Originally Posted By: JHZR2
Originally Posted By: FoxS
I don't mind debt when its tax efficient

I have investments with a fixed income that earn more than my mortgage costs.

In fact, its a 3 to 1 ratio, so say my mortgage is $300k, that means I only need $100k of investment that pays the mortgage cost.

So I would be silly to take $300k of savings and use it to pay a $300k mortgage when just $100k of savings is earning enough to pay the $300k mortgage.

Same thing with car loans. I had enough cash to buy my Mercedes but they were offering 1.99% interest.

So long as your dont live beyond your means, and invest, borrowing can save you money. In fact, its what the very rich have been doing for a long time on many ways.


A $300k loan with a 1.25% tax rate and 3.3% interest on a 30 year loan is like $1625/month. That is $19500 per year out of pocket.

So youre saying that your $100k investment is yielding roughly 20%, and in reality, a bit higher, because of taxes???? Yeah, right.

And your $100k that just bought you a $300k home at the end of 30 years would be $38 Million if compounded monthly at a 20% annual yield.

Heck, your $100k yielding 5% would be $446774 after 30 years...

Of course, you mention tax advantage, so how about this... You probably get 32c on the dollar in terms of tax advantage... You pay the bank $1 in interest and get 32c back on your taxes. Ill do one better... If you give me $1 today, Ill give you a whole 50c back on April 15. A whopping deal. Feel free to send the whole 100k youre sitting on for that deal.
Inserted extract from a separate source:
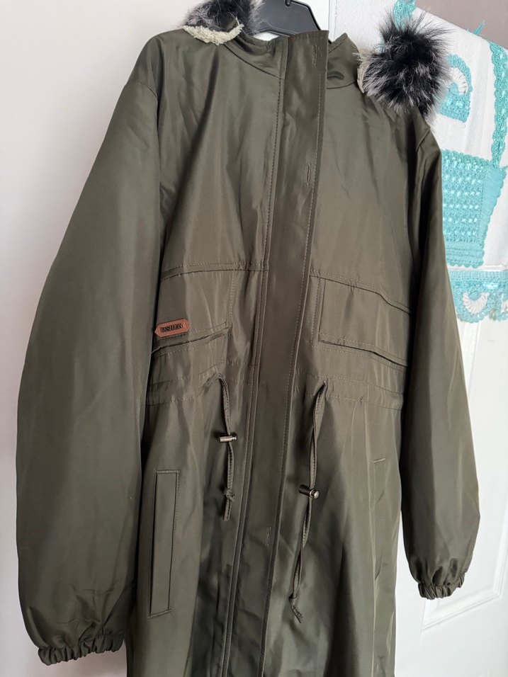 kapüşonlu uzun kadın mont. Fermuarlı önü, kesik yaka ve bol kesimi ile sokak stiline uygun, sıcak tutan kumaştan yapılmıştır.
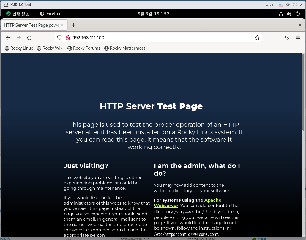 - 클라이언트(LClient)에서 서버 IP(192.168.111.100)로 접속하여 Apache 기본 테스트 페이지가 열리는 것 확인

Its a good one compared to a tax refund.

There can be benefit to leverage, but the returns on low risk these days, a market hitting a top, bond market ready to bust as soon as interest rates start to rise, etc., means that sitting on money is just silly. On an investment, in some cases, there may be benefit... Not this.


So I have a mortgage that has an interest rate of 2.5% before tax deduction. A marginal tax rate of 40% (state and federal). So the cost of my max $1million mortgage is $15k a year or 1.5%.

I took out municipal bonds with a yield at the time of 4%. This was when the market was scared that state and local govts would go bankrupt. This return is tax free. The yield now is lower and I've actually made a decent capital appreciation on the investment but the yield on my original investment is 4% tax free.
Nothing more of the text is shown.